Instructions to follow — Every line from the one containing "中國電力網(wǎng)訊 近" to the end of the records below must be copied exactly, and no pictures may be included.

Stored dataset items:
= Beginning of Section =
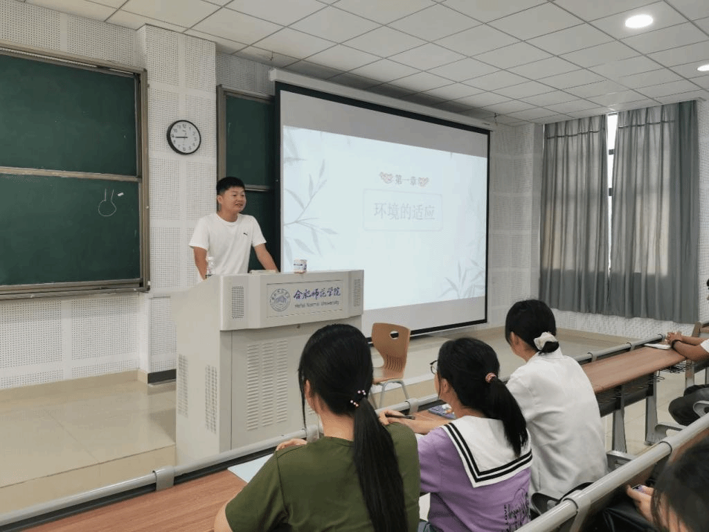 为了帮助新生更好地融入老员工活,适应老员工活。员工处韦小龙以《幸福合师,从心出发》为题,为新生普及了大学中常见的心理问题和调适的主要方法;辅导员周倩结合愿景计划,以《你好,大学》为题全面系统地介绍了大学学习、生活、健康等方面;校老员工自律委员会的同学也从贴近员工生活的员工角度,从自然环境、学习环境等方面为同学们做了老员工活适应的指导。
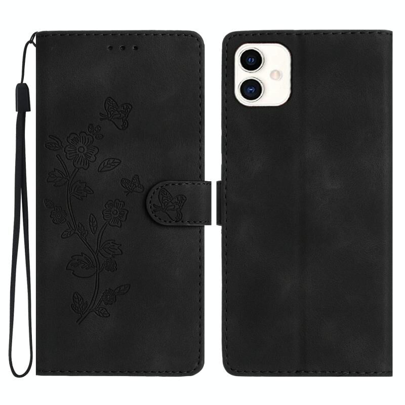 Για Samsung Galaxy A05 λουλούδι πεταλούδα ανάγλυφο μοτίβο δερμάτινη θήκη τηλεφώνου (μαύρο)
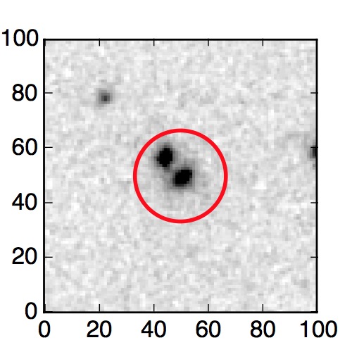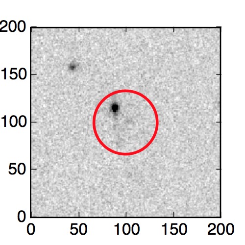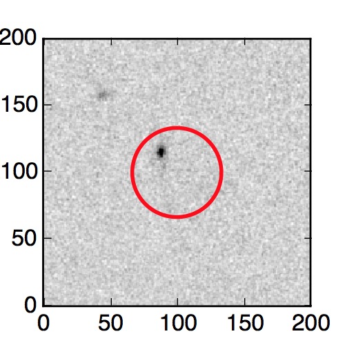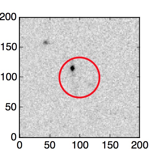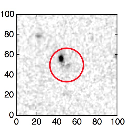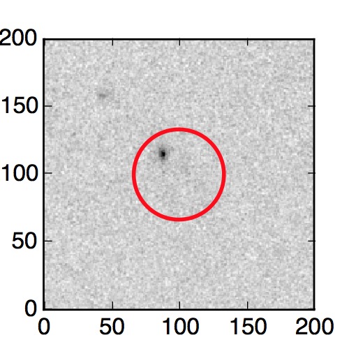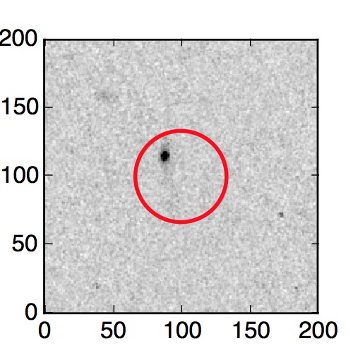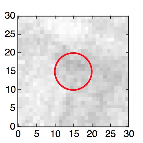 The red circle in the various panels is 1" in radius. The images are 6"x6".
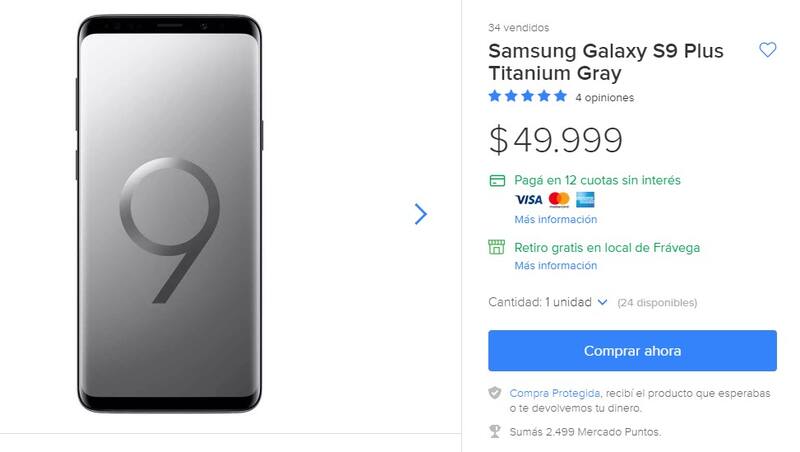 -Samsung Galaxy S9 Plus y Samsung Galaxy S9 ($ 49.999 y $ 44.999, ambos por Mercado Libre).
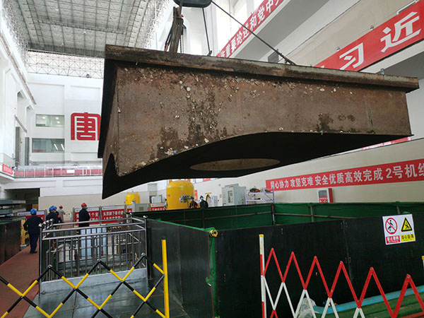 中國電力網(wǎng)訊 近日,內(nèi)蒙古大唐國際海勃灣水利樞紐開發(fā)有限公司在緊鑼密鼓地開展2號機(jī)組A級檢修工作,按照工期計(jì)劃安排,現(xiàn)場檢修工作有序推進(jìn),施工安全、進(jìn)度及質(zhì)量可控在控,開工一周內(nèi),流道蓋板已成功吊出。
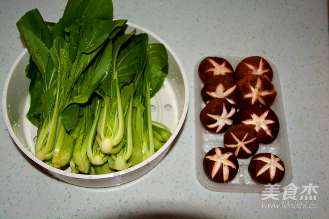1.準(zhǔn)備食材清洗干凈,將香菇去蒂在頂部切花刀狀,油菜中間切開(kāi)。
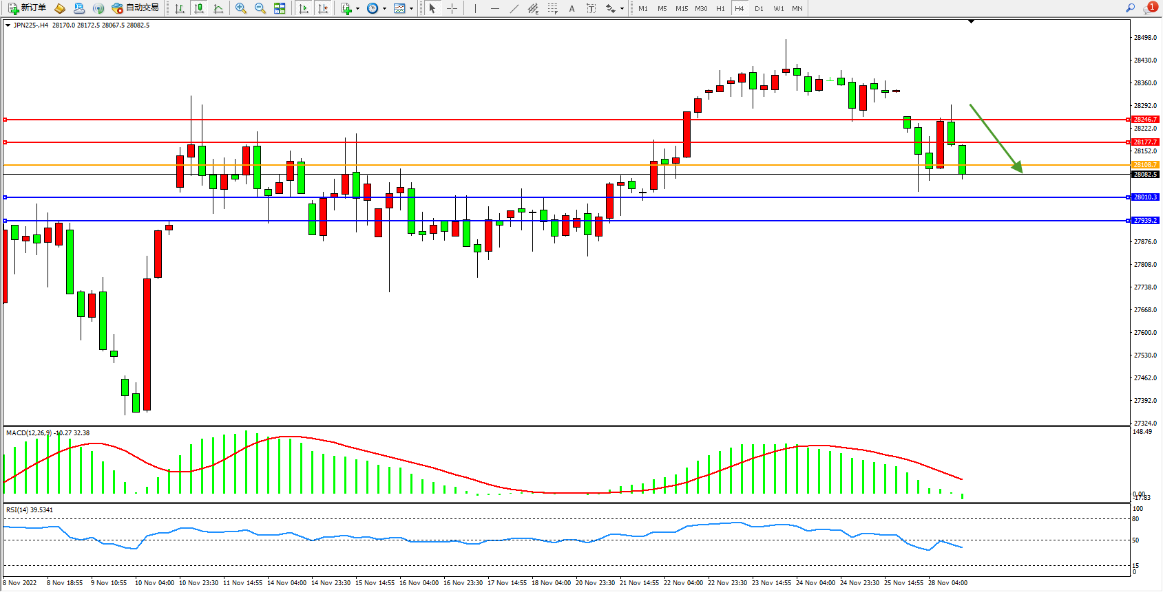 日经225指数11月28日(周一)收盘下跌148.53点,跌幅0.53%,报28134.50点。日本央行行长黑田东彦:紧缩的劳动力市场将有助于推动未来的工资上涨,预计工资的上行压力将逐步加大,没有必要在2013年联合声明中审查政府和日本央行各自的角色,很难将实际工资增长作为货币政策目标。
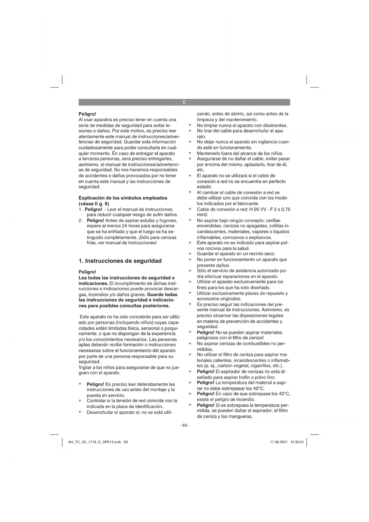 El aspirador de cenizas es adecuado para aspirar cenizas frías o residuos fríos de chimeneas, estu- fas de carbón/madera, ceniceros o barbacoas. Utilizar la máquina sólo en los casos que se indi- can explícitamente como de uso adecuado. Cual- quier otro uso no será adecuado. En caso de uso inadecuado, el fabricante no se hace responsable de daños o lesiones de cualquier tipo; el respon- sable es el usuario u operario de la máquina. Anl_TC_AV_1718_D_SPK13.indb 70Anl_TC_AV_1718_D_SPK13.indb 70 17.08.2021 10:30:5117.08.2021 10:30:51E
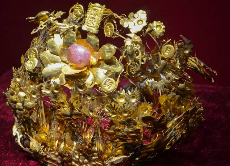 我们不如仔细看看毕沅与妻子合葬墓中出土的随葬品。在妻子汪德的墓中,人们发现了一顶华贵的头冠,这正是诰命金冠。这顶金冠以纯金制成,总重616.4g,中嵌碧玺,饰金凤九只,点缀以花卉,又有“恩荣”、“日”、“月”、“奉”、“天”、“诰”、“命”、“朝”、“冠”字样金牌,是一顶十分罕见的乾隆时期诰命金冠实物。
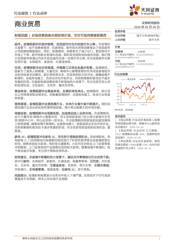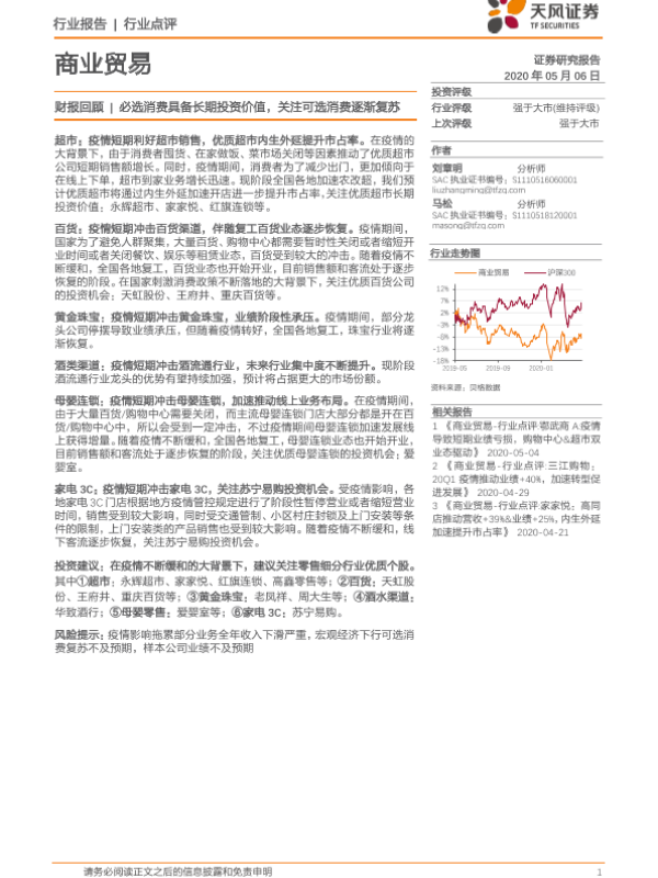 【天风证券】【20200506】商业贸易财报回顾:必选消费具备长期投资价值,关注可选消费逐渐复苏-10页
= End of Section =
Exercise solution —
 中國電力網(wǎng)訊 近日,內(nèi)蒙古大唐國際海勃灣水利樞紐開發(fā)有限公司在緊鑼密鼓地開展2號機(jī)組A級檢修工作,按照工期計(jì)劃安排,現(xiàn)場檢修工作有序推進(jìn),施工安全、進(jìn)度及質(zhì)量可控在控,開工一周內(nèi),流道蓋板已成功吊出。
1.準(zhǔn)備食材清洗干凈,將香菇去蒂在頂部切花刀狀,油菜中間切開(kāi)。
 日经225指数11月28日(周一)收盘下跌148.53点,跌幅0.53%,报28134.50点。日本央行行长黑田东彦:紧缩的劳动力市场将有助于推动未来的工资上涨,预计工资的上行压力将逐步加大,没有必要在2013年联合声明中审查政府和日本央行各自的角色,很难将实际工资增长作为货币政策目标。
 El aspirador de cenizas es adecuado para aspirar cenizas frías o residuos fríos de chimeneas, estu- fas de carbón/madera, ceniceros o barbacoas. Utilizar la máquina sólo en los casos que se indi- can explícitamente como de uso adecuado. Cual- quier otro uso no será adecuado. En caso de uso inadecuado, el fabricante no se hace responsable de daños o lesiones de cualquier tipo; el respon- sable es el usuario u operario de la máquina. Anl_TC_AV_1718_D_SPK13.indb 70Anl_TC_AV_1718_D_SPK13.indb 70 17.08.2021 10:30:5117.08.2021 10:30:51E
 我们不如仔细看看毕沅与妻子合葬墓中出土的随葬品。在妻子汪德的墓中,人们发现了一顶华贵的头冠,这正是诰命金冠。这顶金冠以纯金制成,总重616.4g,中嵌碧玺,饰金凤九只,点缀以花卉,又有“恩荣”、“日”、“月”、“奉”、“天”、“诰”、“命”、“朝”、“冠”字样金牌,是一顶十分罕见的乾隆时期诰命金冠实物。
 【天风证券】【20200506】商业贸易财报回顾:必选消费具备长期投资价值,关注可选消费逐渐复苏-10页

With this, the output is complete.